Court Opinion

ID: 3311067
Source: CourtListenerOpinion
Date Created: 2016-07-05 17:24:10.234581+00
Date Added: 2024-06-11T14:00:44.586583
License: Public Domain

John J. Donlon, Executive Director Department of Labor and Employment 600 Grant Street, Room 900 Denver, Colorado 80203
Dear Mr. Donlon:
This opinion letter responds to your request for an opinion about the legality of implementing alternative insurance programs under the Workers' Compensation Act for corporate officers of employee corporations.
QUESTIONS PRESENTED AND CONCLUSIONS
1. Does a waiver of worker's compensation coverage under section 8-41-202, C.R.S. (1991 Supp.), extend to employers other than the corporation of which the worker is an officer?
No.
2. May the director investigate the validity of corporate officer waivers, determine the extent to which such waivers affect an employer, and take action to enforce the requirements of the Worker's Compensation Act?
Yes.
ANALYSIS
1. The Worker's Compensation Act ("Act") generally requires employers to secure compensation for all employees.
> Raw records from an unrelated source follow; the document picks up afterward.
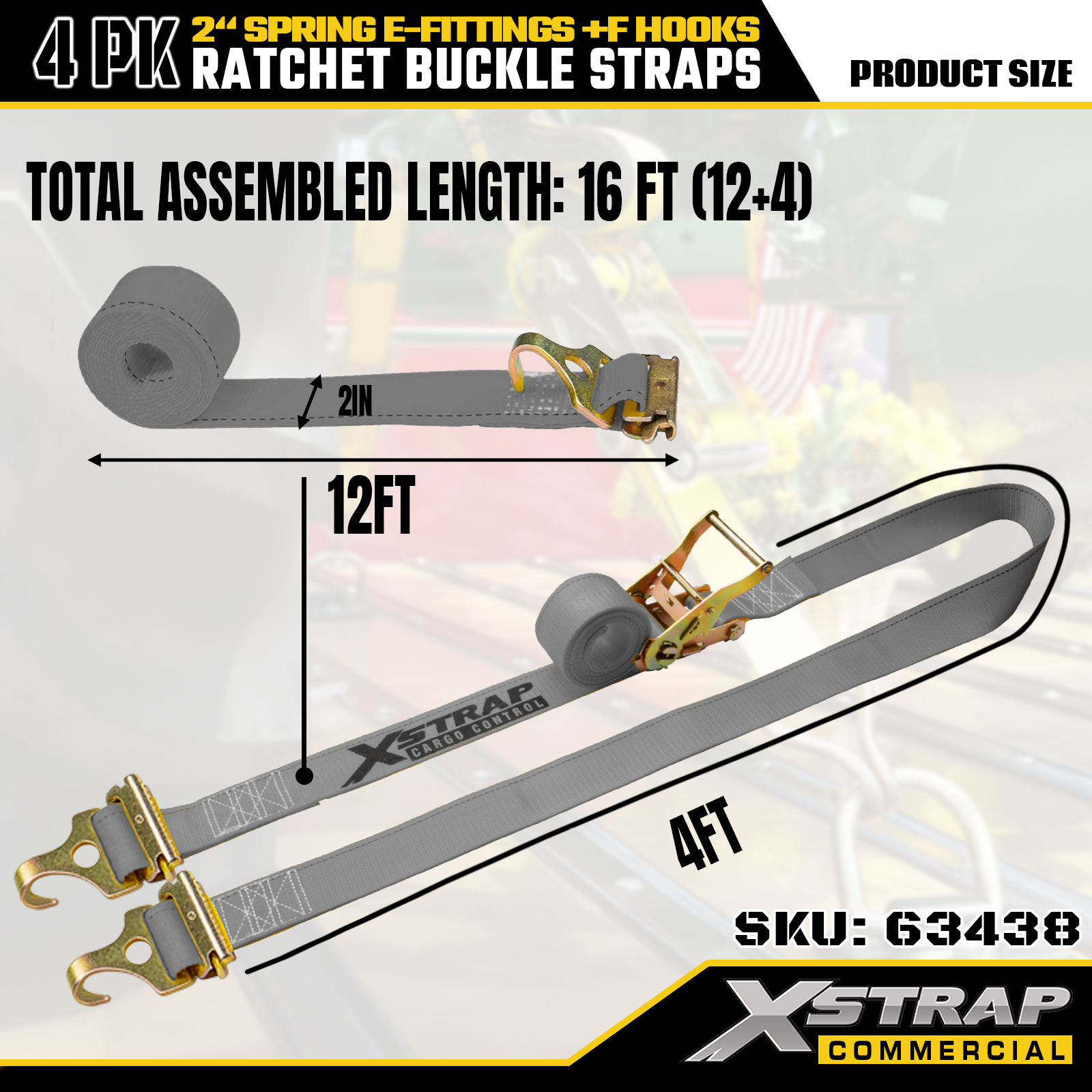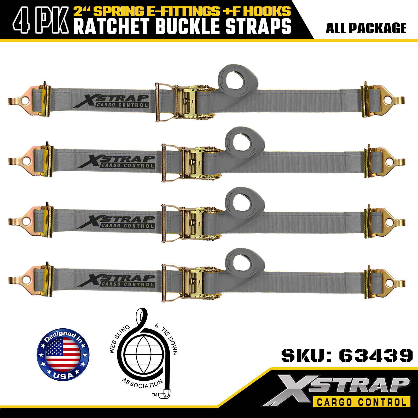 Xstrap 4 Pack 2" x 16' Ratchet بند بند - پلی استر خاکستری با اتصالات الکترونیکی فنری و قلاب های F، 733 پوند SWL برای جابجایی، کامیون و حمل و نقل عمومی بار
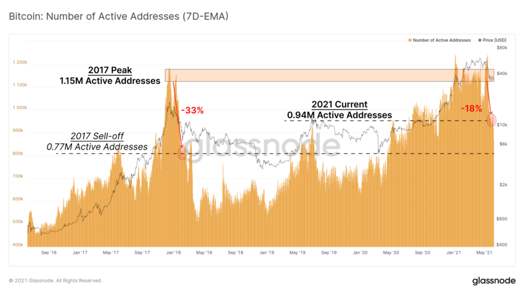 Сглаженный семидневной скользящей средней показатель активных биткоин-адресов сократился на 18% от недавних пиков — до ~940 тысяч. В 2018 году, после достижения цифровым золотом исторического максимума на тот момент, падение показателя составило 33%.
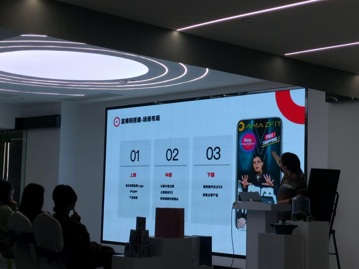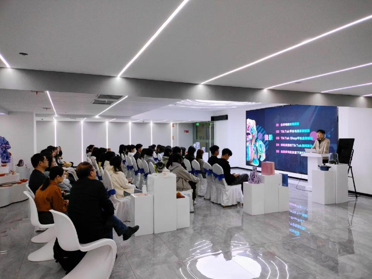 当日上午,湖南国传电子商务有限公司为学生们准备了一场别开生面的行业资讯分享会。企业导师、湖南国传跨境电商直播基地董事长周红君以《蓝海机遇TikTok全球市场多元化布局》为题,结合丰富的行业经验和深厚的专业知识,为学生们介绍了最前沿的跨境电商发展动态和市场趋势,深入剖析了欧洲、美洲、东南亚等市场的消费习惯与热门产品。周红君的讲解,让同学们更加直观地感受到行业的魅力和潜力。现场互动环节,大家纷纷提出自己的疑惑点,现场交流氛围热烈而融洽。
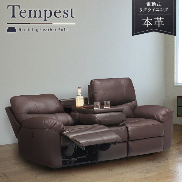 電動リクライニングソファー 【3人掛け ブラウン】 本革/合皮レザー テーブル付き 茶色 【Tempest】テンペスト【玄関渡し】【代引不可】
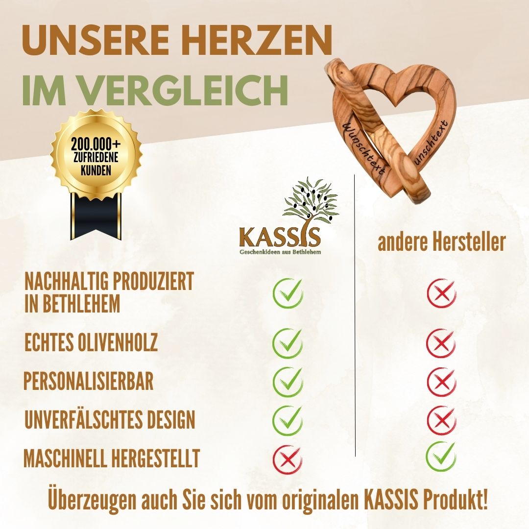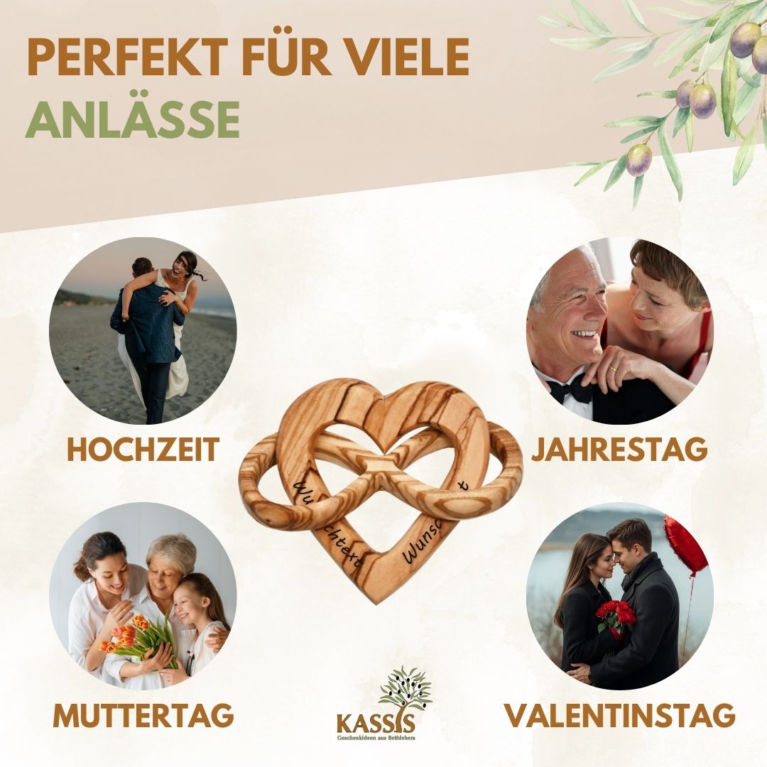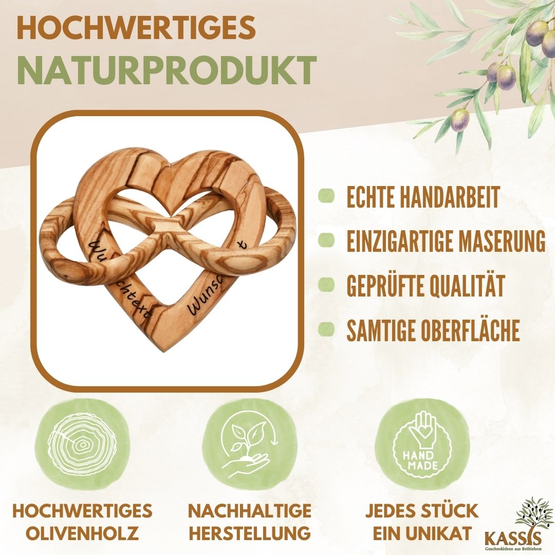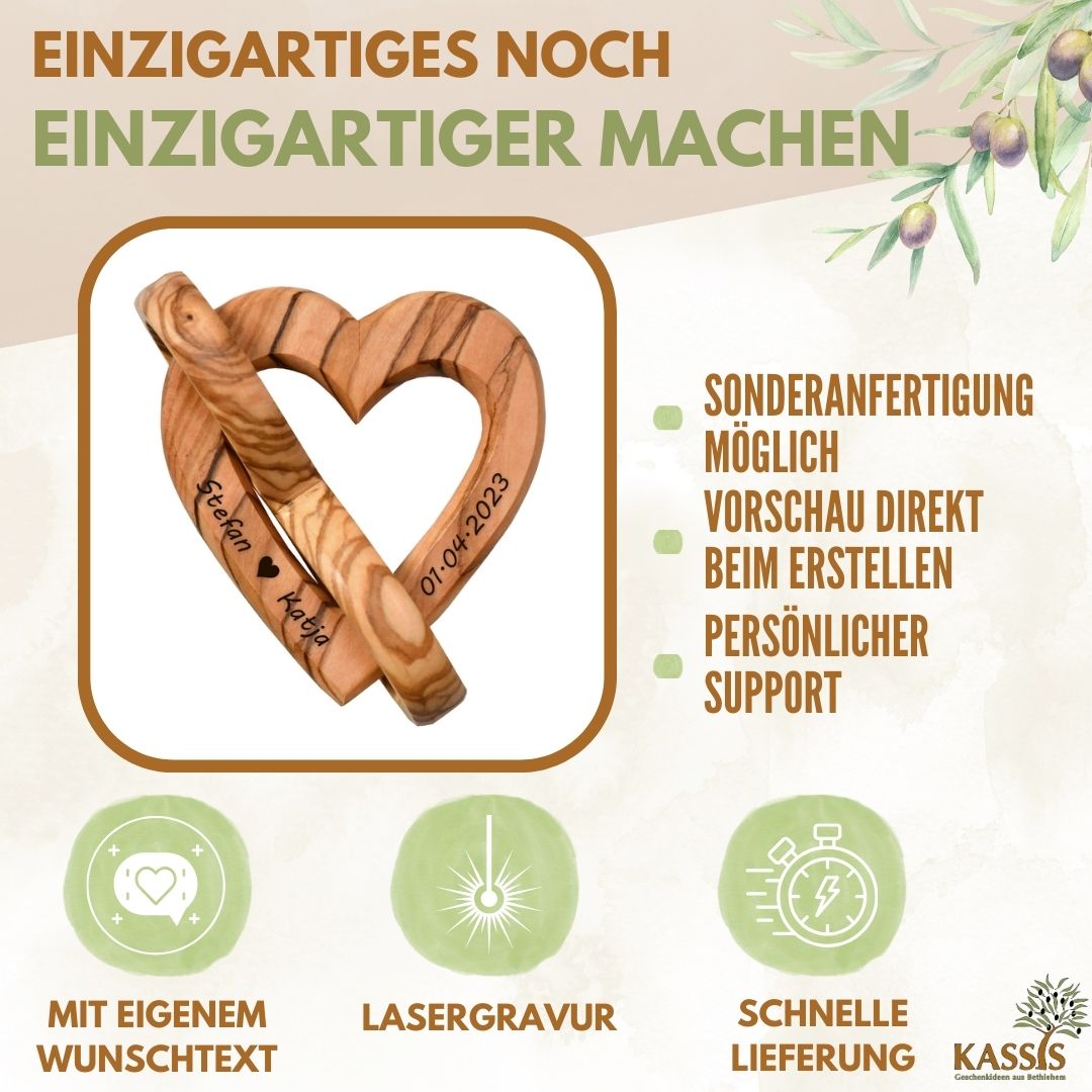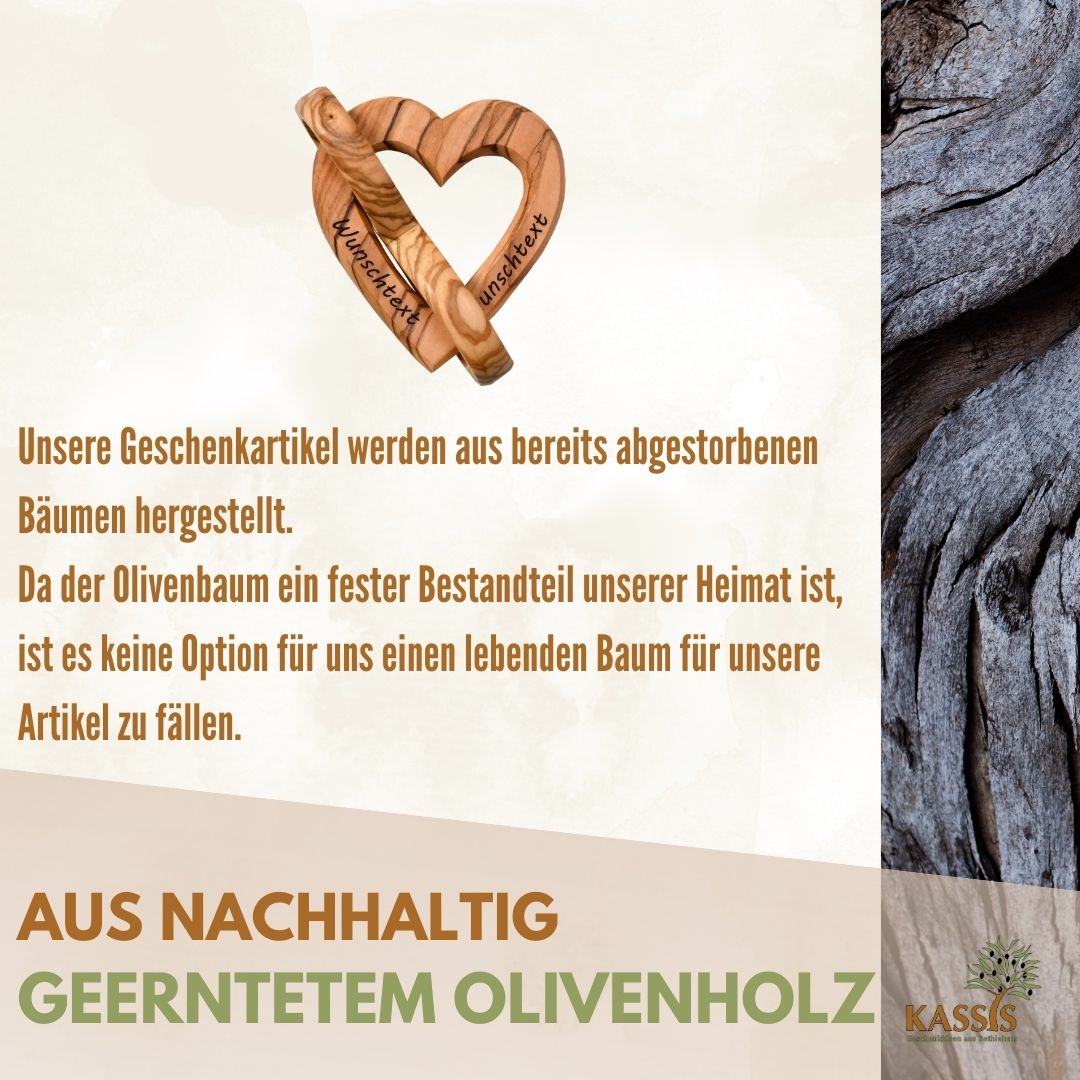 Olive wood is a durable, environmentally friendly natural material. This makes this gift not only emotionally valuable, but also a conscious choice.

Section8-44-101(1), C.R.S. (1991 Supp.). However, under section8-41-202, C.R.S. (1991 Supp.), corporations are not required to secure compensation for qualifying corporate officers who choose to reject the provisions of the Act.
Although seemingly clear on its face, this corporate officer exemption has led to practices which require a closer examination of the underlying legislative intent. It appears that workers have formed "employee corporations" — corporations made up of workers, each of whom is an officer owning at least ten percent of the stock — which have then contracted with other business entities, such as other corporations, to provide services. When these workers waive their compensation rights under the corporate officer exemption, it is clear that the "employee corporation" is relieved of the obligation to provide coverage. The more difficult question is whether this waiver affects the business entity which has contracted with the "employee corporation" for the workers' services.
The answer is that the worker's waiver does not affect the other business entity. The legislature's intent, discernible from the governing statute, section 8-41-202, is that a corporate officer's waiver can affect only the "employing corporation" — the entity which has the worker as its corporate officer:
     Notwithstanding any provisions of articles 40 to 47 of this title to the contrary, a corporate officer of a corporation may elect to reject the provisions of articles 40 to 47 of this title. If so elected, said corporate officer shall provide written notice of such election to the corporate insurer of the employing corporation by certified mail.
(Emphasis added.) Section 8-41-202(1), C.R.S. (1991 Supp.).See also Beth Israel Hospital  Geriatric Centerv. District Court, 683 P.2d 343, 345 (Colo. 1984) (legislative intent is the "polestar of statutory interpretation"); People v. District Court, 713 P.2d 918
(Colo. 1986) (statutory words and phrases should be given effect according to their plain and ordinary meaning).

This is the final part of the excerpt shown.